• [Task brief]
One range is to be output from the listing below, exactly as written: the line with "A pretty unicorn" to the line with "Slocan Lake is", both kept.

• [Record excerpts]
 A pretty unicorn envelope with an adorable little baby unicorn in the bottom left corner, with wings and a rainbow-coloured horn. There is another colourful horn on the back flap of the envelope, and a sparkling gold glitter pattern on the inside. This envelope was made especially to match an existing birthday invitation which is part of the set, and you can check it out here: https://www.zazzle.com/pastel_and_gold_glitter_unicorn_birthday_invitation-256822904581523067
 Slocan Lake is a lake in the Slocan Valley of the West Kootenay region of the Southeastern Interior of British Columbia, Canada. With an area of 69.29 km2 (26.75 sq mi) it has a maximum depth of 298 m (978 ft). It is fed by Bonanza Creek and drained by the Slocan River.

* * *

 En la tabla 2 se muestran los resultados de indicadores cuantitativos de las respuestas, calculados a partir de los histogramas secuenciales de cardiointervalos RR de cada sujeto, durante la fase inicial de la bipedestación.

• [Answer box]
 A pretty unicorn envelope with an adorable little baby unicorn in the bottom left corner, with wings and a rainbow-coloured horn. There is another colourful horn on the back flap of the envelope, and a sparkling gold glitter pattern on the inside. This envelope was made especially to match an existing birthday invitation which is part of the set, and you can check it out here: https://www.zazzle.com/pastel_and_gold_glitter_unicorn_birthday_invitation-256822904581523067
 Slocan Lake is a lake in the Slocan Valley of the West Kootenay region of the Southeastern Interior of British Columbia, Canada. With an area of 69.29 km2 (26.75 sq mi) it has a maximum depth of 298 m (978 ft). It is fed by Bonanza Creek and drained by the Slocan River.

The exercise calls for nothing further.